Sinon, sous la présidence du Pr Derumeaux, la SFC compte bien poursuivre une de ses missions traditionnelles : la production de recommandations élaborées par ses groupes de travail ou adaptées à partir de textes européens. « Cette mission est placée sous la responsabilité d’une commission présidée par le Pr Olivier Dubourg. Celle-ci a deux rôles. Le premier est de proposer ou de revoir les recommandations qui peuvent être émises directement par la SFC. C’est ainsi que nous avons produit, par exemple, des recommandations sur l’échographie ou les valvulopathies. La commission est aussi chargée de revoir les recommandations européennes, de les faire avaliser par notre conseil d’administration, puis de les mettre en perspective par rapport à la réalité de la pratique cardiologique en France », indique le Pr Derumeaux.

Développer les registres.

La SFC entend aussi poursuivre la production de registres sur des thèmes susceptibles d’intéresser le monde la cardiologie ainsi que les autorités sanitaires. « Un de nos registres phare est FAST-MI, piloté par le Pr Nicolas Danchin sur l’infarctus du myocarde. Il en est à sa quatrième édition (1995, 2000, 2005, 2010) ce qui lui permet d’être le parfait reflet de l’évolution des pratiques dans la prise en charge de l’infarctus », indique la présidente de la SFC, en soulignant l’importance de ces registres. « Ils permettent notamment, en lien avec la Haute Autorité de santé (HAS), de définir des indicateurs qualité pour la prise en charge des patients, qui font aussi office de critères d’évaluation et de bonnes pratiques dans les établissements », souligne-t-elle.

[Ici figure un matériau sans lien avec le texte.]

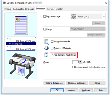 Lorsque vous imprimez sur un rouleau de papier, vous pouvez économiser du papier en réduisant les marges supérieure et inférieure lors de l'impression.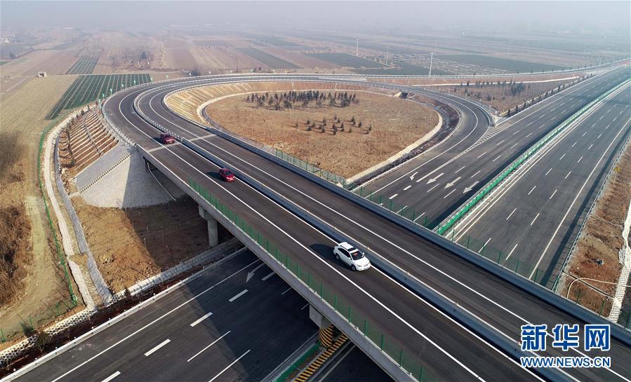 12月16日無人機(jī)拍攝的京秦高速公路二期工程河北玉田西進(jìn)出口處的立交橋。新華社記者楊世堯攝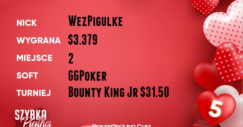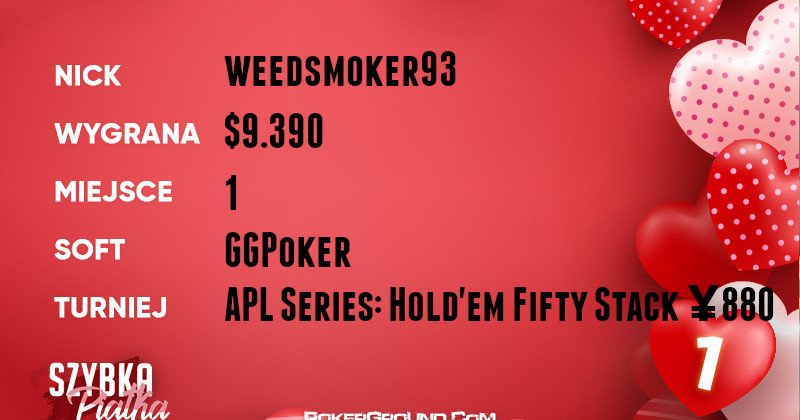 Najbardziej okazałe zwycięstwo odniósł weedsmoker93. Akcja rozgrywała się na platformie GGPoker w festiwalowym turnieju APL Series: Hold’em Fifty Stack ¥880. Nikt nie był w stanie ograć naszego reprezentanta, który w efekcie zainkasował $9.390.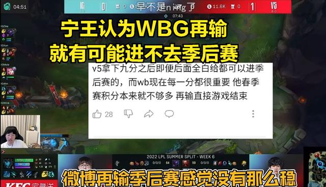 在NING的直播当中也是回应了为何希望THESHY获胜的原因,NING认为如今的V5战队已经确保晋级季后赛了,所以就算跟WBG战队的比赛输掉,那么V5还是有机会晋级季后赛而且还有可能拿到前2,但是WBG战队不同如果WBG输给了V5,那么WBG战队很有可能无缘季后赛,自己作为曾经他们的队友,肯定希望他们都能进入季后赛。

Sous sa présidence, le Pr Derumeaux souhaite aussi développer des registres sur des thèmes plus transversaux ou atypiques. C’est ainsi que l’an passé, elle a demandé au Groupe des jeunes cardiologues en formation de travailler sur les patients âgés en cardiologie. « Ils ont fait un registre ponctuel d’une journée qui était une « photographie » de ce qui se passait en France, un jour donné, dans ce domaine. Dans le même esprit, nous sommes en train de finaliser un registre sur l’évaluation du risque cardio-vasculaire chez les femmes. C’est un thème qui me tient à cœur et qui reste encore peu étudié en France », indique la présidente de la SFC, en précisant que ce registre devrait être mis en place avant l’été. Le projet sera piloté par le Groupe des jeunes cardiologues, avec la participation de la Société française de médecine d’urgence (SFMU) et du Collège national des cardiologues français (CNCF). « L’objectif est de faire une comparaison hommes/femmes, pendant une semaine, sur la prise en charge du syndrome coronarien aigu. Nous souhaitons aussi nous intéresser à la perception du risque par les patientes, leur entourage et, si possible, leur médecin traitant ».

D’après un entretien avec le Pr Geneviève Derumeaux, présidente de la Société française de cardiologie.